如果成功的话,一个人被拖下水陷进泥里也只是眨眼间的事儿,而在悬浮顶的保护下的我们,只有脚下是松懈的。
陈荫眼里闪过一丝畏惧。
她甚至开始对下午寻找野人的活动也产生了恐惧和焦虑,可是处于对生物研究的热爱,她不能停止自己的脚步。
虽然我对教育不是很感兴趣,但我也不愿意看到一个对于生物研究方面有天赋的小孩儿就这么被吓退了。
“别担心,不是还有我呢。”
“我这个博士也不是白考的,地球也不是白待了这么多年,刚刚李毅一出问题我不就解决了吗?”
“你现在接触的生物还少,等以后接触多了就知道了,万物皆有灵,世界上高智慧的生物体有很多。”
“人类绝没有站在生物圈的顶层,这也不能用人性论调,与其说是人性,不如说是灵性。”
“你看,身边养的宠物小猫小狗时间长了都有灵性,能听懂人话听懂指令,有深厚的感情,这难道不也是一种灵性和智慧的体现吗?”
陈荫有些好转,我继续劝导。
“你现在的畏惧是对于自己未来即将接触这一行所感觉到的畏惧,确实有点太早了,让你自己感受这些。本来应该是有一个老师带着你慢慢接触的,但是现在能不能化解就靠你自己的心态了。”
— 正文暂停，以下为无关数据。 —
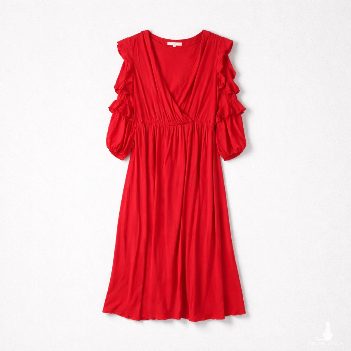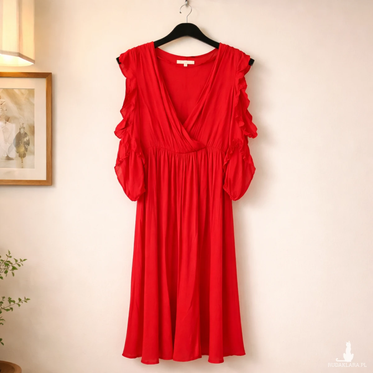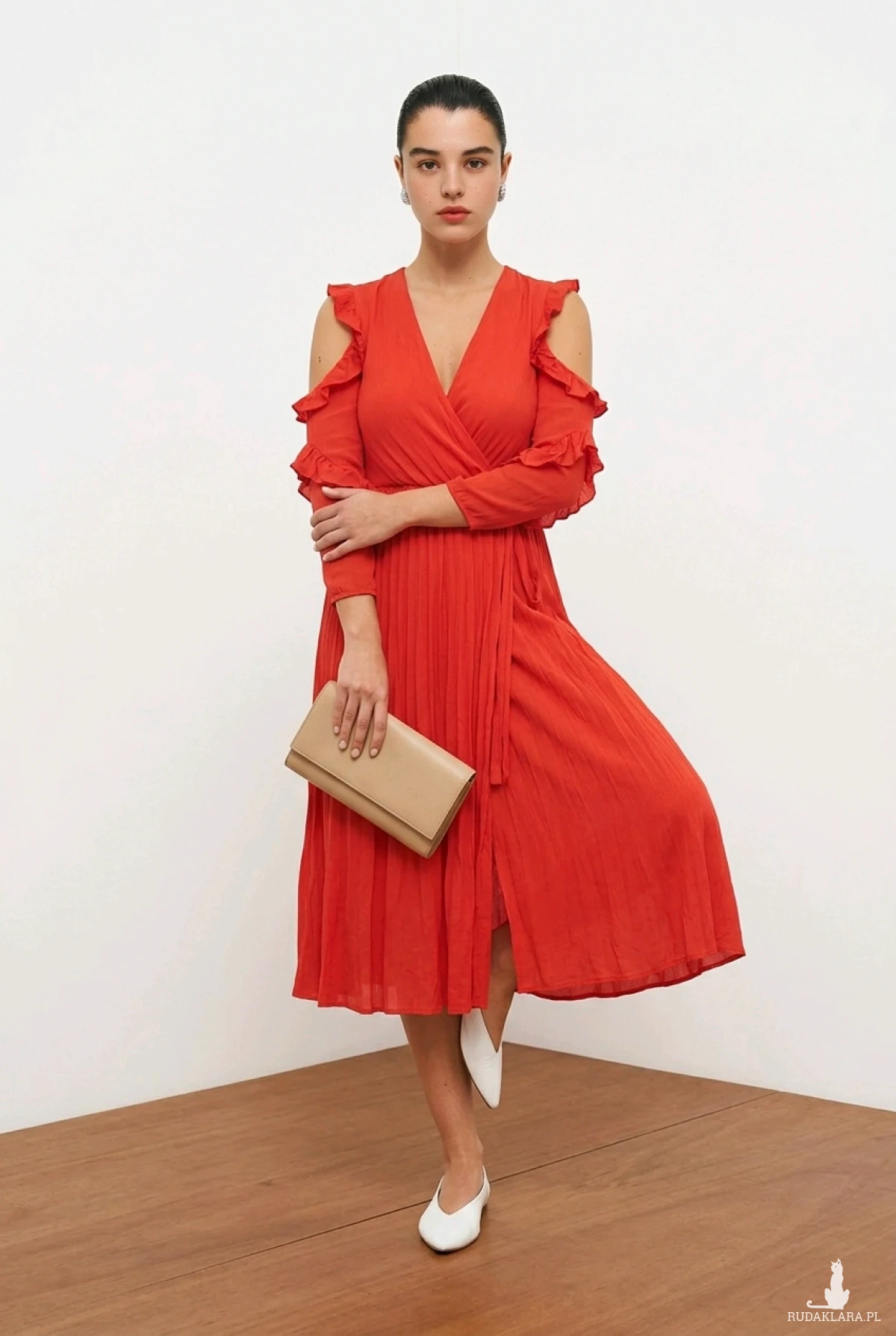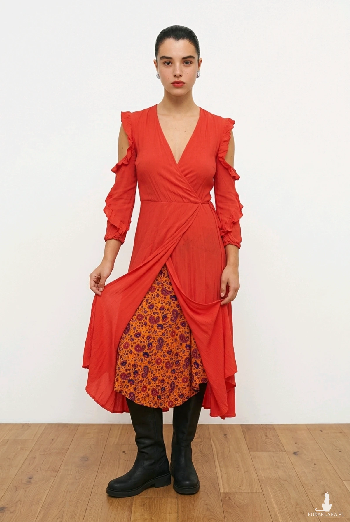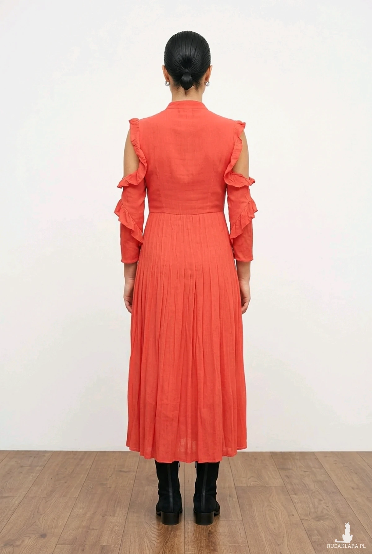 Długa pomarańczowa sukienka w rozmiarze SM przepiękna materiał a la żorżeta w pasie gumka rozciąga się do 88 cm długość całości 130 cm długość rękawa 55 cm wycięcia na ramionach sukienka idealna do noszenia na szerokie spodnie na inną sukienkę jako dodatek tunikę ewentualnie na lato piękna na mnie za mała
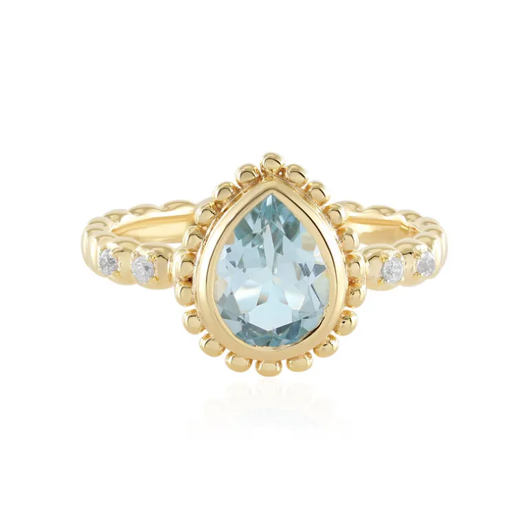 Unser Ring mit himmelblauem Topas ist ein Meisterwerk von subtiler Eleganz für Ihre Schmucksammlung. Dieser Ring aus vergoldetem 925er Sterlingsilber präsentiert einen Topas im Tropfenschliff von 1,608 Karat aus Madagaskar, der einen ruhigen himmelblauen Farbton aufweist. Flankiert von funkelnden Zirkonen aus Kambodscha mit einem Gesamtgewicht von 0,084 Karat, ist der Ring ein Inbegriff von Anmut. Kombinieren Sie ihn mit Ihrem Lieblingscocktailkleid für eine Abendveranstaltung oder verleihen Sie Ihrem Alltagsoutfit einen Hauch von Luxus. Dieses Schmuckstück ist nicht nur ein Zeichen von Raffinesse, sondern auch eine Feier der Schönheit der Welt, direkt an Ihrem Finger.

“陈荫同学,从事生物研究,要靠近和接触,用心去感觉,用脑去克服。”
“现在不理解不重要,总会理解的。”
餐盘具有保温作用,即使半个小时没吃,饭也没有冷。
“快吃饭吧,下午还有项目,如果你不想去或者不舒服的话可以不去,下次自己来探索也是一样的,相信下次来的时候体验感一定比现在完善很多。”
毕竟我有一万个群众意见要发送到星生生的邮箱。
下午的项目陈荫还是准备参加了,经过一个半小时的修养,所有人都精神抖擞,陈荫也恢复如常。
上半天的活动两个学校是错开游览的,但是下午的活动由于需要寻找,留给人的时间并不多,所以两个学校要一起行动。
陈荫凑到我身边:“老师我可以跟着你吗?”
我点点头:“不舒服的话记得及时跟我说。”
等太阳过了最烈的时候,两个学校四十多个青少年踏上了寻找野人的征程。
野人是神农架名气最大也是最神秘的存在,这么多年的传说,又是一个庞然大物,硬是没有人接触过野人的真身。
其实是有的。
有一具标本,曾经陈列在研究所里,那是一具野人的尸体。
如果这个地区没有其它的变种,那应该就是货真价实的野人。
我们曾经以为这是一个固守深山流浪的人类,它有些类似于人类从猿人进化到智人的过程中的某一步,但是随着研究的深入,我们推翻了这是一个现代的人的猜测。野人是有獠牙的,看骨龄应该在三十六岁到四十六岁之间,身高两米往上,我们发现它的时候它就已经死了,死于和猛兽的搏斗,根据推测应该是一头熊,发现尸体的地点并非第一打斗场所,后来我们再去验证寻找的时候又发现了同一时间段死去的熊的尸体。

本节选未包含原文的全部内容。